***** INPUT *****

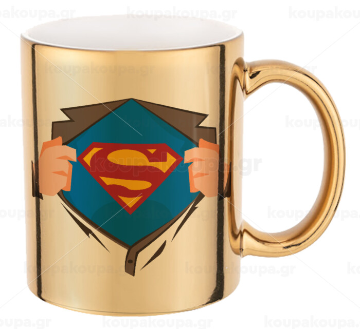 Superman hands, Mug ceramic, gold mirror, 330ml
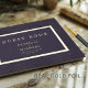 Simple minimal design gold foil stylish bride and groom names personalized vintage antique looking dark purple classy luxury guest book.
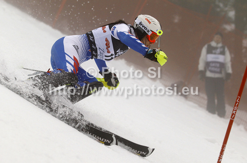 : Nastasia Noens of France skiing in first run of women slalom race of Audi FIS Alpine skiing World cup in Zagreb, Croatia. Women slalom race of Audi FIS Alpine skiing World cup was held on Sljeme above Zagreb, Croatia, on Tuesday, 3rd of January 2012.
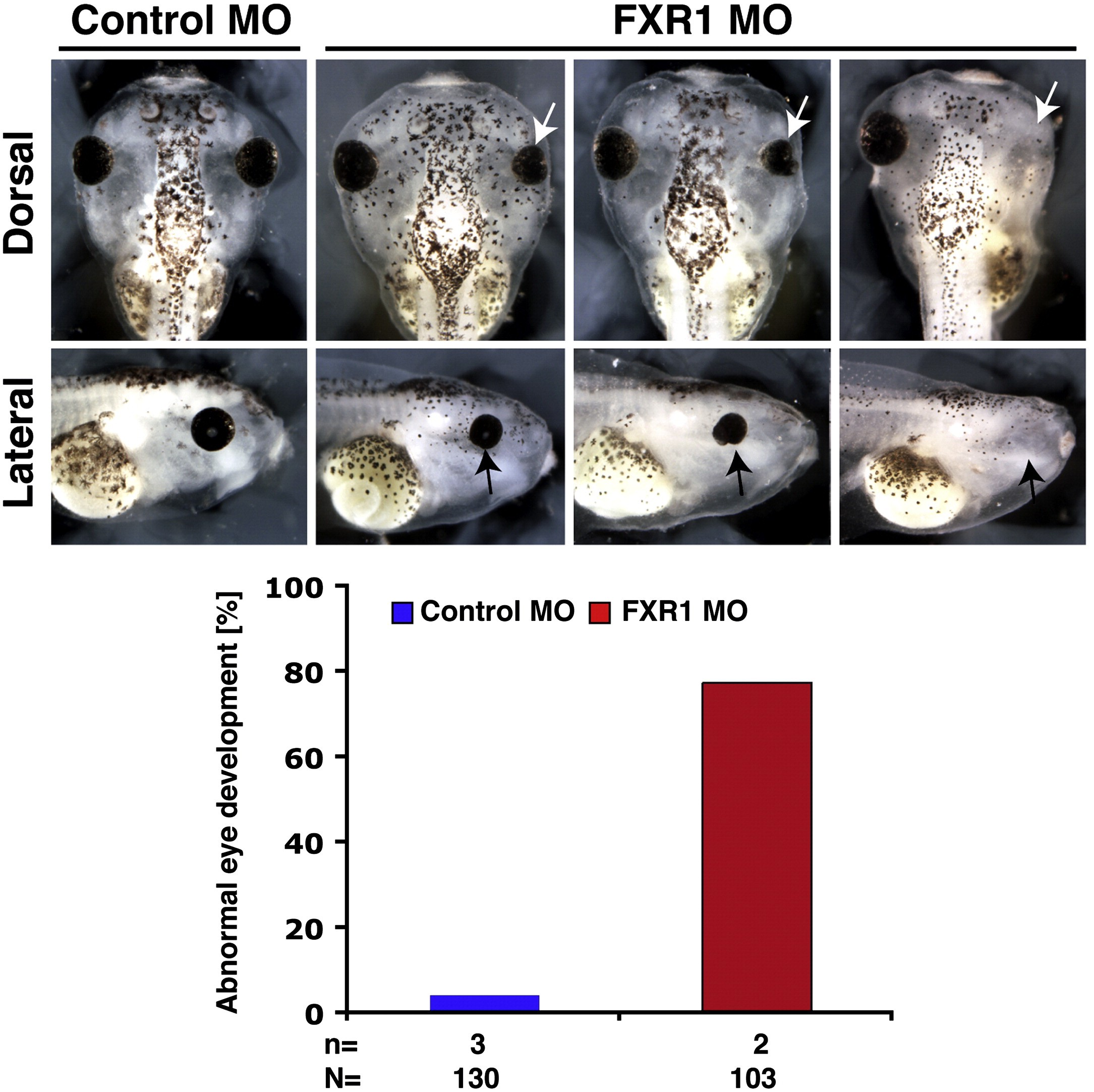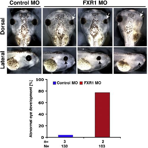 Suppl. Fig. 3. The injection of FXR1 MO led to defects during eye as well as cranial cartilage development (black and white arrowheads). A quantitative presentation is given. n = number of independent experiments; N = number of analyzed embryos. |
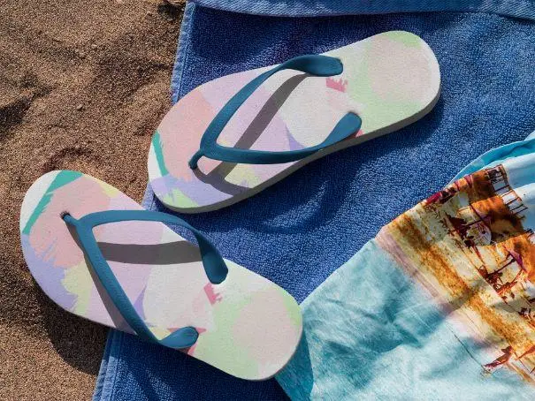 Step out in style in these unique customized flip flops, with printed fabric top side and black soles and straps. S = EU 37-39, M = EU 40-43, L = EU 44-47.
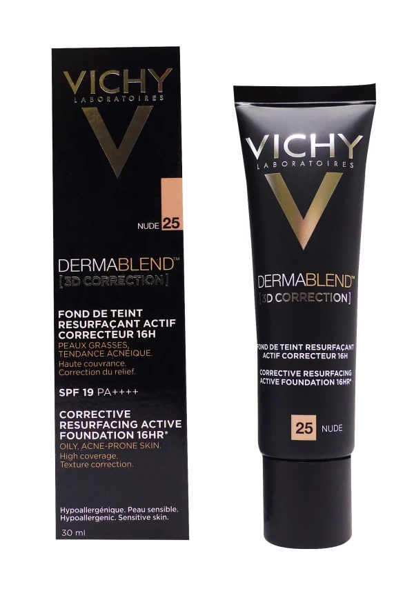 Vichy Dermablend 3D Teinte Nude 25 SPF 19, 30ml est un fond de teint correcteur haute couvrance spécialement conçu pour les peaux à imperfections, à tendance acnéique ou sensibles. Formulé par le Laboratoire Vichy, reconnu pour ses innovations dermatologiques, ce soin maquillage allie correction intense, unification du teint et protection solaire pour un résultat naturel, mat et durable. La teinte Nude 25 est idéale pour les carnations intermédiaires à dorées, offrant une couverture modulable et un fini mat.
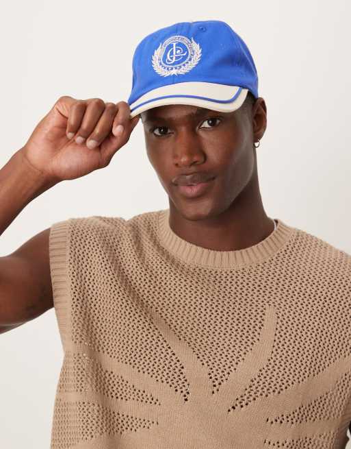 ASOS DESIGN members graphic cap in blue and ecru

*****

Nothing but an exact copy is asked for: the lines from the start of the records through the line with "of January 2012.", both ends included, minus any pictures.

 Superman hands, Mug ceramic, gold mirror, 330ml
 Simple minimal design gold foil stylish bride and groom names personalized vintage antique looking dark purple classy luxury guest book.
 : Nastasia Noens of France skiing in first run of women slalom race of Audi FIS Alpine skiing World cup in Zagreb, Croatia. Women slalom race of Audi FIS Alpine skiing World cup was held on Sljeme above Zagreb, Croatia, on Tuesday, 3rd of January 2012.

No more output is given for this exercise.